Source data:
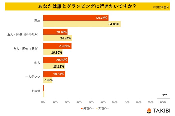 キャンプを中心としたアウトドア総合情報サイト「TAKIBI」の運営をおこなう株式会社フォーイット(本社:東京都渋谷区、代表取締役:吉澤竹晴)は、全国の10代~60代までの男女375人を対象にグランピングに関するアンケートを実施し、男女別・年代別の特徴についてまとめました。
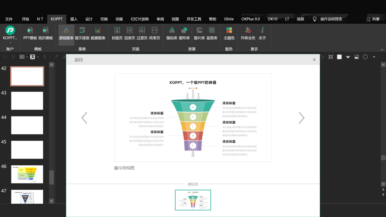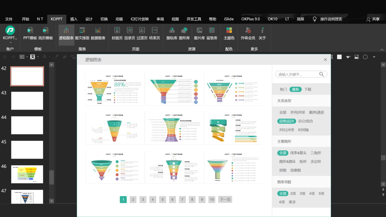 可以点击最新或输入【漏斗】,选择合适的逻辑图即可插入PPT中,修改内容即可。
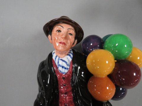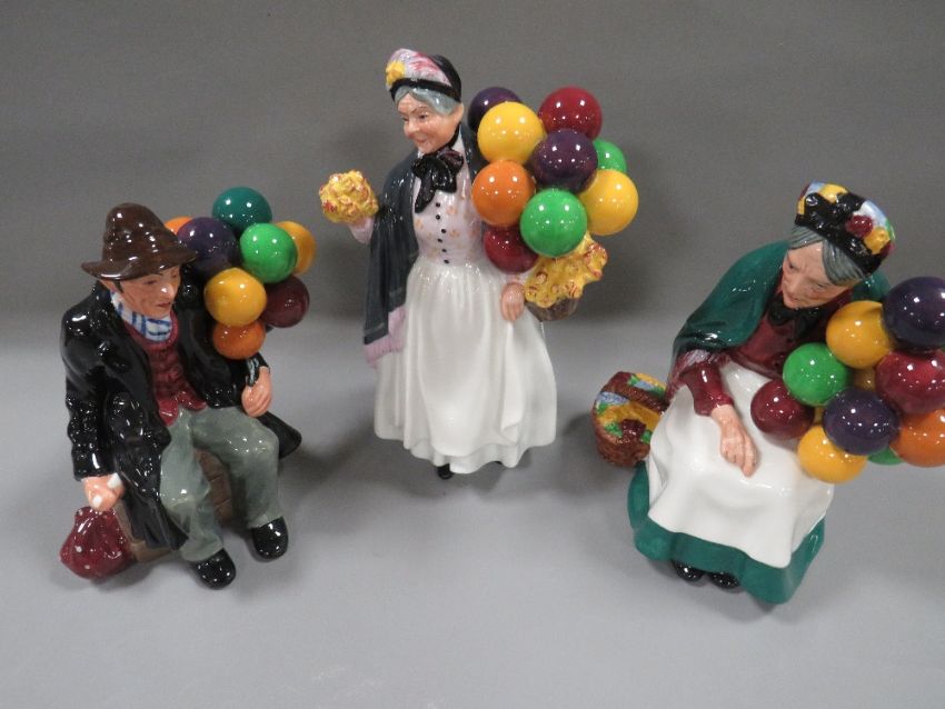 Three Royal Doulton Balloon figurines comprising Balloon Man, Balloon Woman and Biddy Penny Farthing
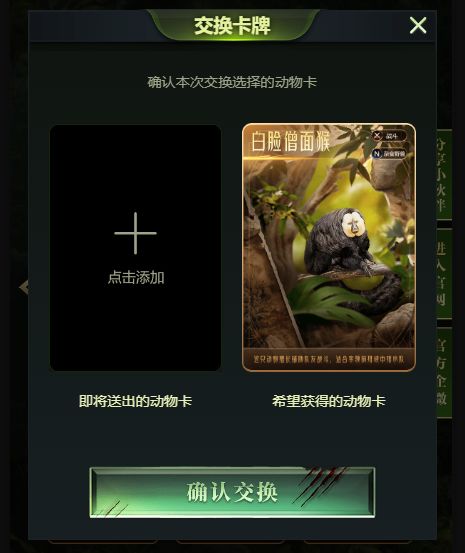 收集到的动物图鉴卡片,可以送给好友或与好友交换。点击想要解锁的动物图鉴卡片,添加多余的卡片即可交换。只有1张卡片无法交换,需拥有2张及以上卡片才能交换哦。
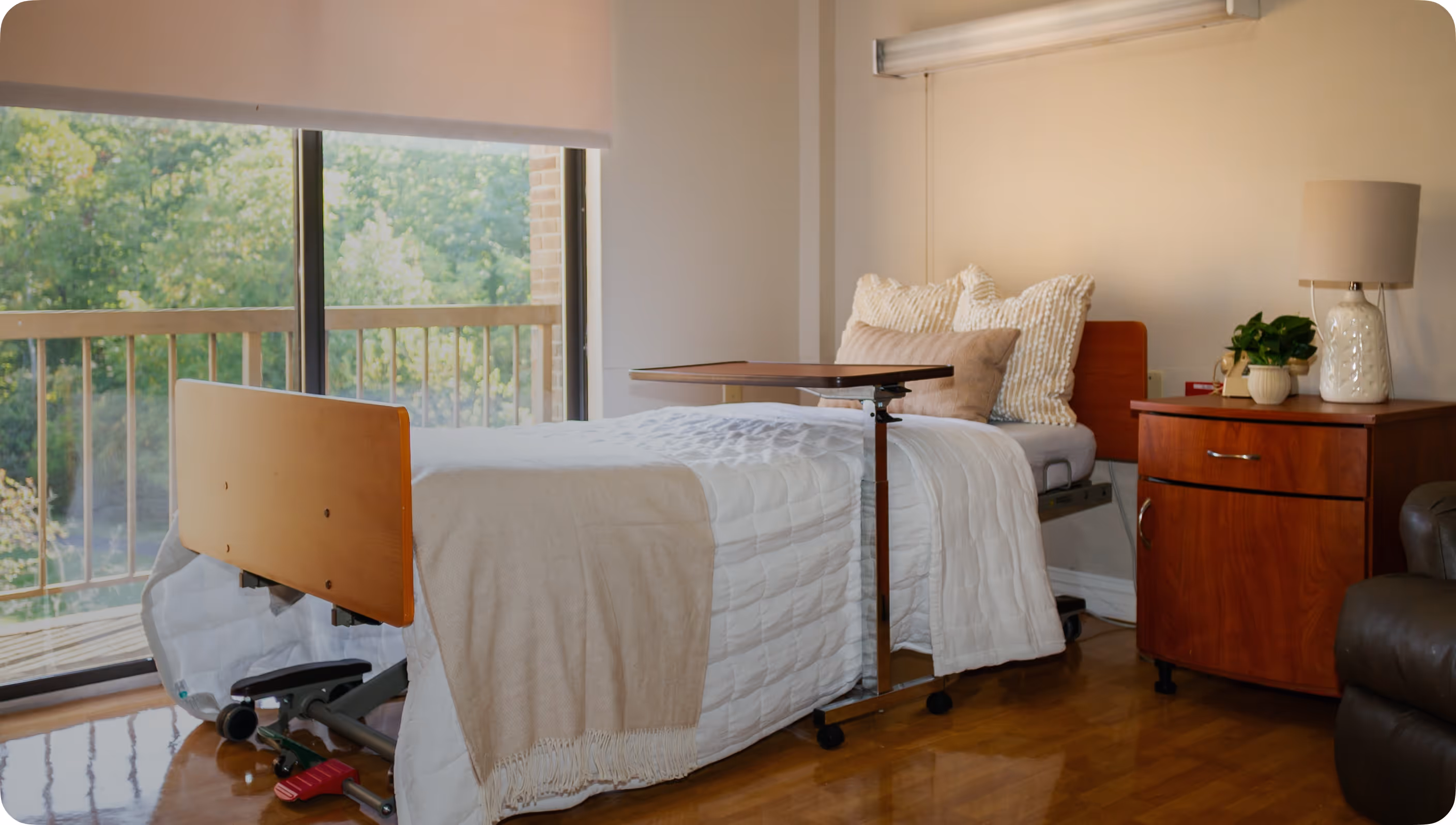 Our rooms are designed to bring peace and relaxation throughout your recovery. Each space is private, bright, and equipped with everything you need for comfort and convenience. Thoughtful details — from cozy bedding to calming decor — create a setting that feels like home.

What you need to do: The copy should hold only the lines from the one with "可以点击最新或输入【漏斗】,选择合适的逻辑图即可插入PPT中,修改内容即可。" through the one with "收集到的动物图鉴卡片,可以送", exactly as they stand above. Leave out the pictures.

Answer section:
 可以点击最新或输入【漏斗】,选择合适的逻辑图即可插入PPT中,修改内容即可。
 Three Royal Doulton Balloon figurines comprising Balloon Man, Balloon Woman and Biddy Penny Farthing
 收集到的动物图鉴卡片,可以送给好友或与好友交换。点击想要解锁的动物图鉴卡片,添加多余的卡片即可交换。只有1张卡片无法交换,需拥有2张及以上卡片才能交换哦。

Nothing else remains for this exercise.